My pyROOT analysis code is using huge amounts of memory. I have reduced the problem to the example code below:
from ROOT import TChain, TH1D
# Load file, chain
chain = TChain("someChain")
inFile = "someFile.root"
chain.Add(inFile)
nentries = chain.GetEntries()
# Declare histograms
h_nTracks = TH1D("h_nTracks", "h_nTracks", 16, -0.5, 15.5)
h_E = TH1D("h_E","h_E",100,-0.1,6.0)
h_p = TH1D("h_p", "h_p", 100, -0.1, 6.0)
h_ECLEnergy = TH1D("h_ECLEnergy","h_ECLEnergy",100,-0.1,14.0)
# Loop over entries
for jentry in range(nentries):
# Load entry
entry = chain.GetEntry(jentry)
# Define variables
cands = chain.__ncandidates__
nTracks = chain.nTracks
E = chain.useCMSFrame__boE__bc
p = chain.useCMSFrame__bop__bc
ECLEnergy = chain.useCMSFrame__boECLEnergy__bc
# Fill histos
h_nTracks.Fill(nTracks)
h_ECLEnergy.Fill(ECLEnergy)
for cand in range(cands):
h_E.Fill(E[cand])
h_p.Fill(p[cand])
where someFile.root is a root file with 700,000 entries and multiple particle candidates per entry.
When I run this script it uses ~600 MB of memory. If I remove the line
h_p.Fill(p[cand])
it uses ~400 MB.
If I also remove the line
h_E.Fill(E[cand])
it uses ~150 MB.
If I also remove the lines
h_nTracks.Fill(nTracks)
h_ECLEnergy.Fill(ECLEnergy)
there is no further reduction in memory usage.
It seems that for every extra histogram that I fill of the form
h_variable.Fill(variable[cand])
(i.e. histograms that are filled once per candidate per entry, as opposed to histograms that are just filled once per entry) I use an extra ~200 MB of memory. This becomes a serious problem when I have 10 or more histograms because I am using GBs of memory and I am exceeding the limits of my computing system.

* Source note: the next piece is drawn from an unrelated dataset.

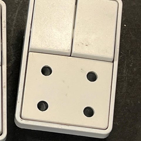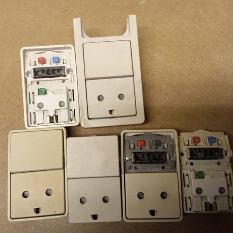 8 stk dobbelt fuga stikkontakter. Der mangler gribere og skruer til nogle af dem. De trænger til en fugtig klud. Prisen er for dem alle

Does anybody have a solution?
Update: I think this is a python3 problem.
If I take the script in my original post (above) and run it using python2 the memory usage is ~200 MB, compared to ~600 MB with python3. Even if I try to replicate Problem 2 by using the long variable names, the job still only uses ~200 MB of memory with python2, compared to ~1.3 GB with python3.
During my Googling I came across a few other accounts of people encountering memory leaks when using pyROOT with python3. It seems this is still an issue as of Python 3.6.2 and ROOT 6.08/06, and that for the moment you must use python2 if you want to use pyROOT.
So, using python2 appears to be my "solution" for now, but it's not ideal. If anybody has any further information or suggestions I'd be grateful to hear from you!